Specifying models and paths
Use the small model:

dolphin audio.wav --model small --model_dir /data/models/dolphin/

Specify language and region
Recognizing Chinese Mandarin with double-layer markers:

dolphin audio.wav --model small --model_dir /data/models/dolphin/ --lang_sym "zh" --region_sym "CN"

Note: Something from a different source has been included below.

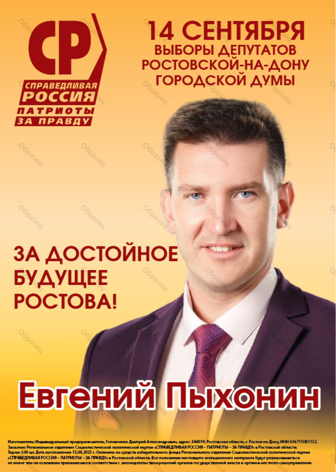 Оплачено из средств избирательного фонда Регионального отделения Социалистической политической партии «СПРАВЕДЛИВАЯ РОССИЯ – ПАТРИОТЫ – ЗА ПРАВДУ» в Ростовской области

lang_sym is the language code, such as "zh" (Chinese).
region_sym is the area code, e.g. "CN" (Mainland China).
For a complete list of languages see languages.mdThe

Fill Short Audio
Available when audio is less than 30 seconds --padding_speech true Filling:

dolphin audio.wav --model small --model_dir /data/models/dolphin/ --lang_sym "zh" --region_sym "CN" --padding_speech true

Python Code Manipulation

Loading Audio and Models
Runs in Python:

import dolphin
waveform = dolphin.load_audio("audio.wav")  # 加载音频
model = dolphin.load_model("small", "/data/models/dolphin/", "cuda")  # 加载模型

"cuda" with GPU, without GPU change to "cpu"The

Executive Recognition
Processes audio and outputs it:

result = model(waveform)  # 转文本
print(result.text)  # 显示结果

Specify language and region
Add parameters:

result = model(waveform, lang_sym="zh", region_sym="CN")
print(result.text)

Featured Function Operation

Voice Activity Detection (VAD)
Automatically detects speech segments and labels them with time, for example:
```
0.0-2.5s: 你好
3.0-4.5s: 今天天气很好
```
Language Identification (LID)
Determine the audio language, for example:
```
dolphin audio.wav --model small --model_dir /data/models/dolphin/
```
output as <zh>(Chinese) or <ja>(Japanese).
bilingual markup
Distinguish between languages and regions with two-level markers, such as <zh><CN>(Mandarin Chinese),<zh><TW>(Taiwanese Mandarin) to improve Asian language processing skills.
model architecture
The CTC-Attention architecture, with E-Branchformer for encoder and Transformer for decoder, is optimized for Asian languages.

application scenario

proceedings
Converts recordings of Asian multilingual conferences into text, suitable for international or local meetings.
dialect study
To analyze the phonological features of 22 Chinese dialects and generate research data.
Smart Device Development
Integration into smart devices for voice control in Asian languages.

QA

What languages are supported?
Support for 40 Asian languages and 22 Chinese dialects, see languages.mdThe
Need a GPU?
Not required. CPU can run, GPU (CUDA support) is faster.
What is the difference between the base and small models?
The base model is small (140M parameters) with an error rate of 33.31 TP3T; the small model is large (372M parameters) with an error rate of 25.21 TP3T.